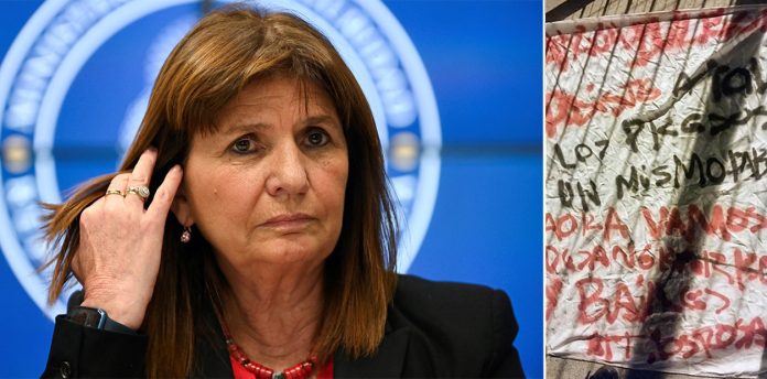 Colgaron un cartel con una amenaza a Patricia Bullrich: “Vamos a dejar negro a Rosario y Buenos Aires”
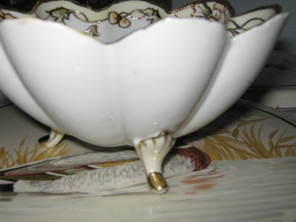 This is a very beautiful, delicate looking piece. Adorned with gold detailing, pale orange flowers, and a pale yellow edging. Has three feet on the bottom which are also detailed in gold ans pale yellow. This piece is in excellent condition.
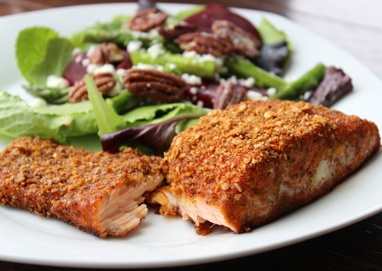 This salmon recipe has become one of my favorites. It’s easy to prepare and delicious! The coating on the salmon is just Fiber One® cereal and blackened seasoning but if you don’t have Fiber One® cereal, you can easily swap it out for any other high fiber whole grain cereal. I like this preparation of the salmon as it has a sweet and spicy taste. Bake and it’s ready to serve. Try with a side salad as the side dish!
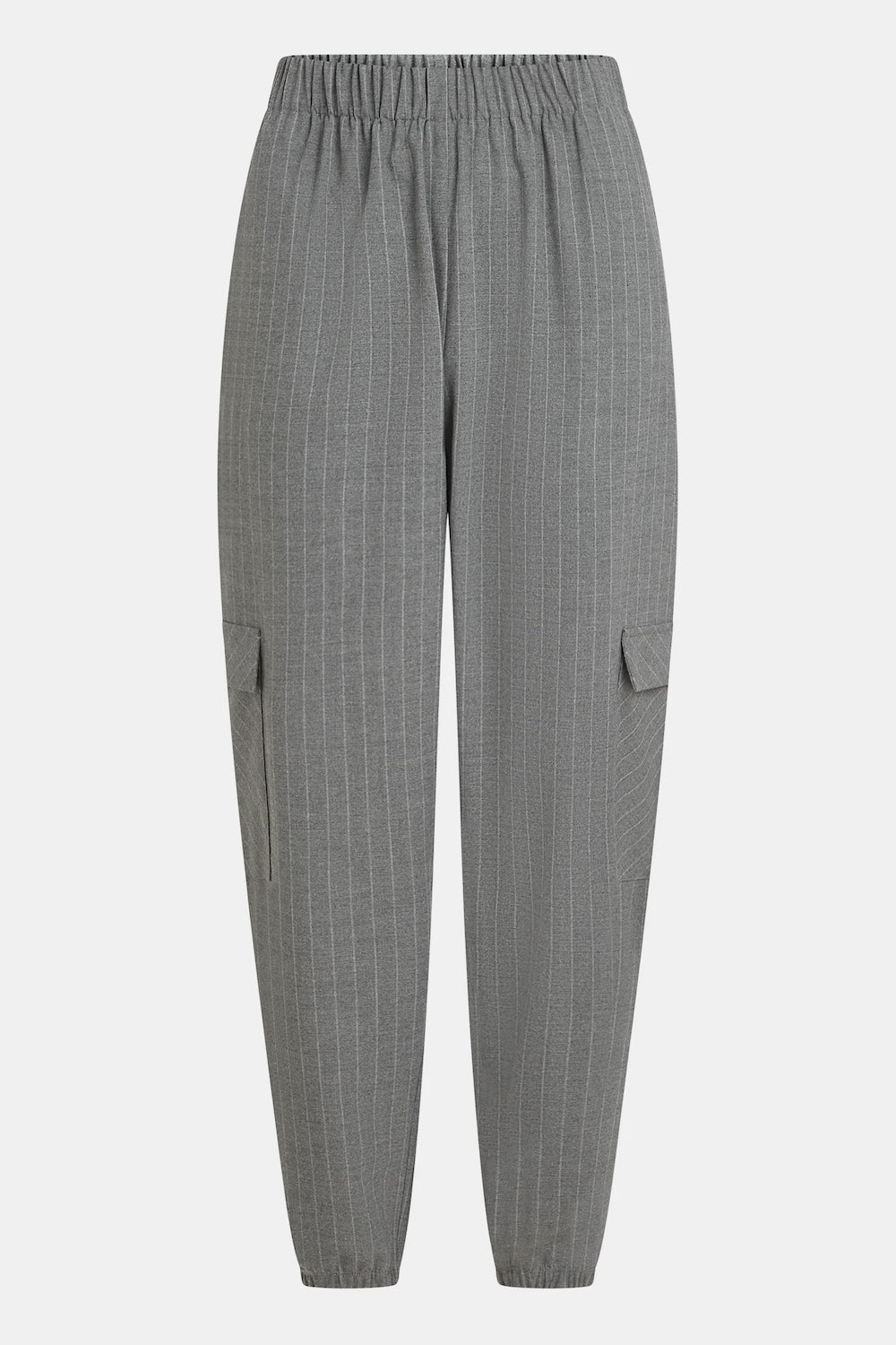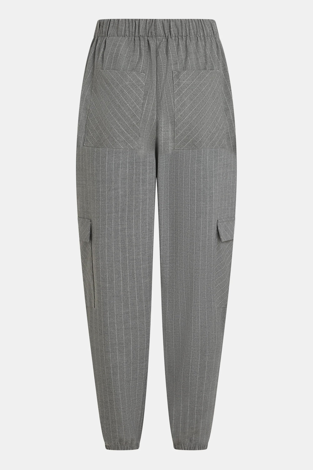 The Stripe Pants in Grey Melange combine timeless pinstripe design with a contemporary tapered fit for a sharp, tailored look. Designed with an elasticized waistband, they provide exceptional comfort and flexibility throughout your day. Practical side and back pockets add convenient storage, making these pants both stylish and functional.

EXERCISE AIM —
This exercise calls for the complete listing, returned exactly and without images.

EXERCISE ANSWER —
 Colgaron un cartel con una amenaza a Patricia Bullrich: “Vamos a dejar negro a Rosario y Buenos Aires”
 This is a very beautiful, delicate looking piece. Adorned with gold detailing, pale orange flowers, and a pale yellow edging. Has three feet on the bottom which are also detailed in gold ans pale yellow. This piece is in excellent condition.
 This salmon recipe has become one of my favorites. It’s easy to prepare and delicious! The coating on the salmon is just Fiber One® cereal and blackened seasoning but if you don’t have Fiber One® cereal, you can easily swap it out for any other high fiber whole grain cereal. I like this preparation of the salmon as it has a sweet and spicy taste. Bake and it’s ready to serve. Try with a side salad as the side dish!
 The Stripe Pants in Grey Melange combine timeless pinstripe design with a contemporary tapered fit for a sharp, tailored look. Designed with an elasticized waistband, they provide exceptional comfort and flexibility throughout your day. Practical side and back pockets add convenient storage, making these pants both stylish and functional.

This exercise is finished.